オンラインストアの動きも顕著であった。2000年に日本市場へ参入したAmazonは、2007年に会員制のサブスクリプションサービス「Amazonプライム」を通じてスマホ向けコンテンツの提供を開始。そして2011年には、日本国内でAWS(Amazon Web Services)の提供を開始し、クラウド技術の普及が一気に加速した。AWSの登場は、スマホとクラウドを活用したサービス開発を飛躍的に進化させ、オンラインビジネスの可能性を大きく広げることとなる。
この技術革新はネオスにとっても追い風となった。サーバー運用に関する知見と豊富な実績はあったが、従来の自社運用型サーバーは膨大なコストや運用停止リスクを伴い、拡張性にも限界があった。AWSの登場によりこれらの課題が一気に解消され、クラウドを活用したオンラインサービス開発へのニーズが急拡大していったのである。

苦難を糧に

こうした背景の下、ネオスは新たな事業基盤を確立すべく、通信キャリアや一般法人向けのサービス開発受託を本格化。2011年に設立した札幌の開発拠点を中心に、新しいデバイスや技術トレンドへの対応といった、スマホ時代のビジネスシフトを見据えた開発体制を整えていった。
一方で、もともと自社開発中心のサービスプロバイダーとして成長してきたため、受託案件における緻密なプロジェクト管理やクライアントとの交渉といったディレクション領域においては、経験やノウハウが不足していた。上場企業としての信用力から受注こそ順調であったが、案件の規模が大きくなるにつれて進行に支障が生じ始める。クライアント側もオンラインサービス開発の経験が浅く、要件定義の難航や仕様変更が重なるケースも頻発。軌道修正が効かないままにプロジェクトが進んでいき、業績を揺るがす炎上に発展する案件も相次いだ。火消しに追われる事態が続き、2014年から数年赤字に陥ることとなる。

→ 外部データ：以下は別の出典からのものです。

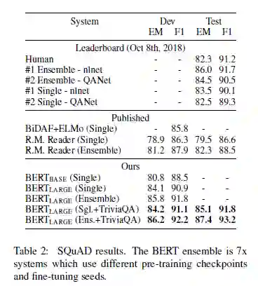 表 2:SQuAD 结果。Ensemble BERT 是使用不同的预训练模型检查点和微调种子的 7x 模型。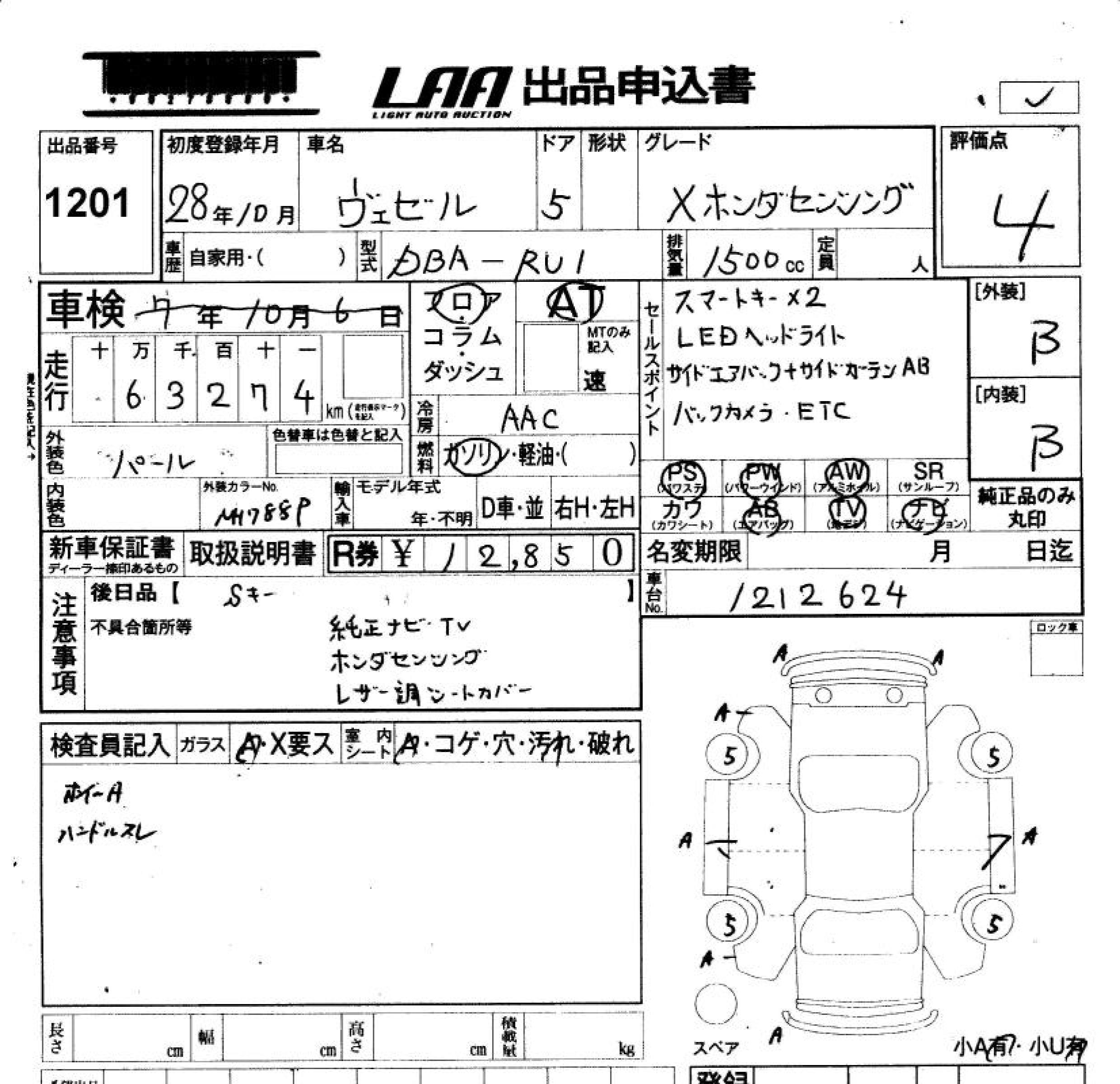 HONDA VEZEL - лот 1201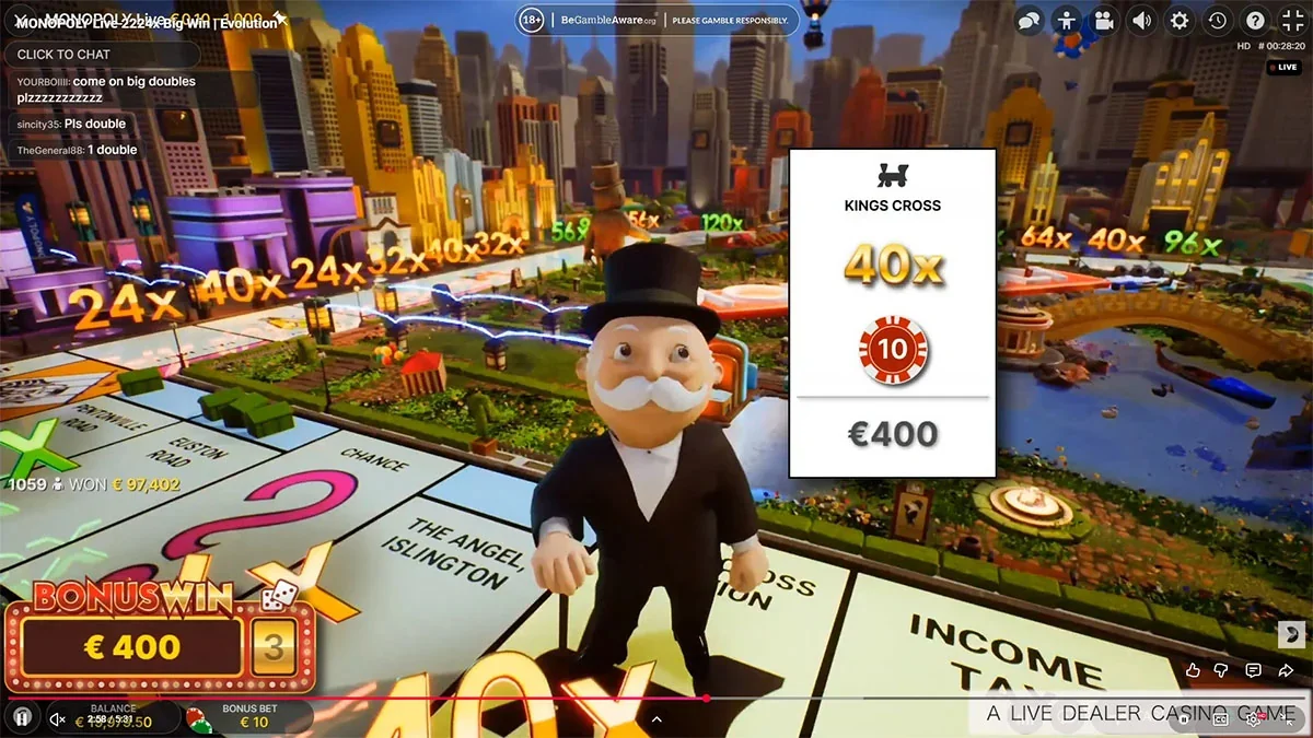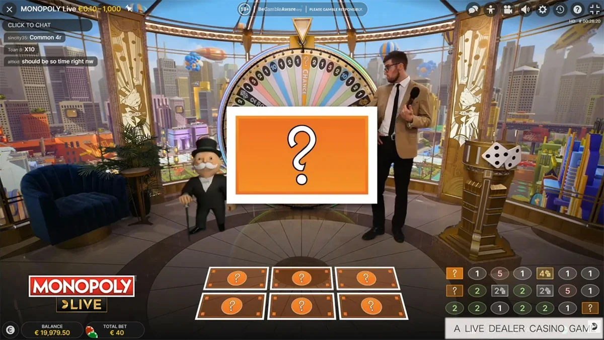 Το Monopoly Live είναι ένα εξαιρετικά συναρπαστικό ζωντανό παιχνίδι καζίνο που συνδυάζει τον παραδοσιακό μηχανισμό του τροχού χρημάτων με τα δημοφιλή στοιχεία του Monopoly, δημιουργώντας μια δυναμική και διαδραστική εμπειρία. Οι παίκτες προβλέπουν σε ποιο τμήμα θα σταματήσει ο τροχός του ζωντανού παρουσιαστή – επιλέγοντας τυπικά αριθμητικά τμήματα για άμεσες πληρωμές ή τμήματα μπόνους όπως 2 ROLLS (2 ΡΙΨΕΙΣ) και 4 ROLLS (4 ΡΙΨΕΙΣ) για είσοδο στο παιχνίδι μπόνους στο ταμπλό Monopoly επαυξημένης πραγματικότητας. Μόλις ενεργοποιηθεί το μπόνους, ο κύριος Monopoly κινείται σε ένα εικονικό 3D ταμπλό με ρίψεις ζαριών και απονέμει πολλαπλασιαστές και χρηματικά έπαθλα ανάλογα με το πού προσγειώνεται. Χάρη στους ζωντανούς παρουσιαστές, στις κάρτες Ευκαιρίας που μπορούν να δημιουργήσουν άμεσα κέρδη ή πολλαπλασιαστές, και στη δυνατότητα κερδών έως και 500.000 ευρώ, το Monopoly Live προσφέρει ενθουσιασμό και οπτική γοητεία που το ξεχωρίζουν από τα συνηθισμένα live παιχνίδια ή τους κουλοχέρηδες. Το RTP του περίπου 96,23% είναι ανταγωνιστικό για μια live game show, αν και η συχνότητα εισόδου στις λειτουργίες μπόνους μπορεί να επηρεάσει την αίσθηση της μεταβλητότητας και των μακροπρόθεσμων αποδόσεων. Συνολικά, είναι μια δημοφιλής επιλογή μεταξύ των παικτών που απολαμβάνουν τον συνδυασμό δράσης στον τροχό, νοσταλγίας από το γνωστό επιτραπέζιο παιχνίδι και λειτουργιών μπόνους υψηλής ενέργειας.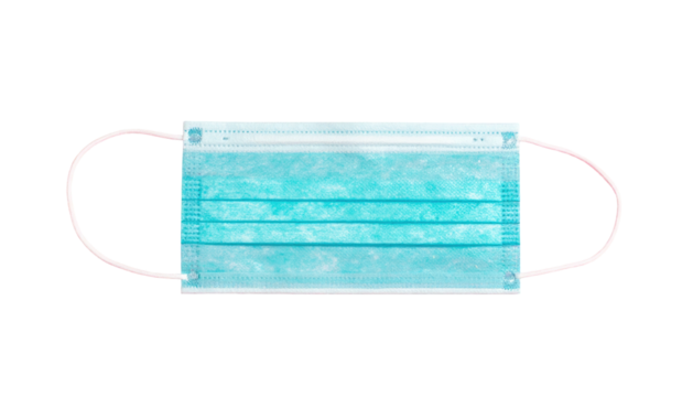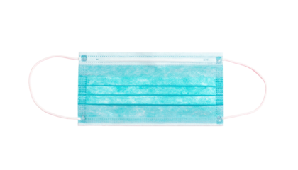 Aqua surgical mask with ear loops, centered on a black backdrop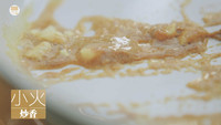 放入蒜煸香,放入200g牛肉末炒至变色出油。
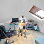 A bright lounge with a feature AGA wood burner, perfect for cosy winter evenings, is the hub of the house and this leads through to a modern fitted kitchen overlooking the back garden with built in appliances and ample eye and floor level cupboards. A short set of stairs lead down to a very substantial rear garden, laid to lawn with a garden shed. A small patio area is a real sun trap and is accessible immediately from the back door. Upstairs, there are two spacious double bedrooms, one to the front and one to the rear, alongside a modern bathroom with an electric shower fitted over the bath. Accessed from a cupboard in the front bedroom, a set of fixed stairs lead to a floored attic space with a Velux window and plenty of storage, which is currently used as a home office. The property benefits from gas central heating and is fully double glazed throughout.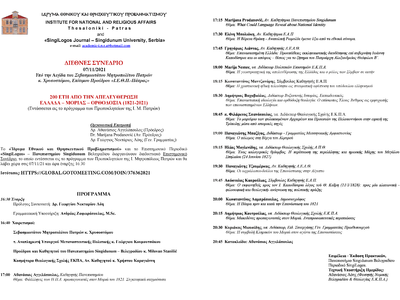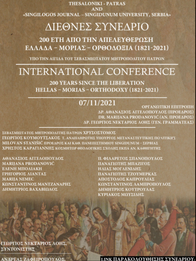 Αυτή την Κυριακή 7 Νοεμβρίου 2021 πρόκειται να πραγματοποιηθεί διαδικτυακό Διεθνές Συνέδριο με θέμα: «200 έτη από την απελευθέρωση: Ελλάδα-Μοριάς-Ορθοδοξία (1821-2021)» υπό την αιγίδα της Ιεράς Μητροπόλεως Πατρών σε συνδιοργάνωση με το Ίδρυμα Εθνικου και θρησκευτικού προβληματισμού καθώς και το επιστημονικό περιοδικό Singilogos τοῦ Πανεπιστημίου Singidunum του Βελιγραδίου.

創業来、右肩上がりに成長してきたネオスにとって、この数年は未曾有となる厳しい局面であった。しかし、だからこそ単なる失敗として終わらせるのではなく、組織の成長機会と捉え経営陣は決断を下した。まずは火消し的な対応から脱却すべく、人材の育成や再配置、体制強化といったプロジェクトマネジメントの抜本的な見直しに着手。また、クライアントとの関係性においても、フェーズごとの合意形成やプロセスを整備するなどの仕組みづくりに注力した。最も困難だったのは、既に炎上状態にあったプロジェクトを途中で放棄せず、粘り強く完遂するという判断だった。当然ながら時間もコストもかかったが、その過程で示した実直な姿勢で信頼を勝ち得たクライアントとは現在も取引が続いている。そして、この一連の苦い経験を糧として、新たに得たプロジェクト運営やリスク管理のノウハウを、事業全体を支える力へと昇華していった。

暗中模索

同じ頃、コンテンツ事業においてもスマホ市場への参入が進められていたが、こちらも順風満帆とはいかなかった。既に国内における新規携帯販売数の約半数をスマホが占めていたが、豊富なコンテンツと使い慣れたUIを備えたガラケーには根強いニーズがあり、スマホ向けサービスやコンテンツを投入するも低迷する状況が続く。とはいえ、従来のガラケー向けサービスもユーザー数は減少の一途、まさに暗中模索の状況であった。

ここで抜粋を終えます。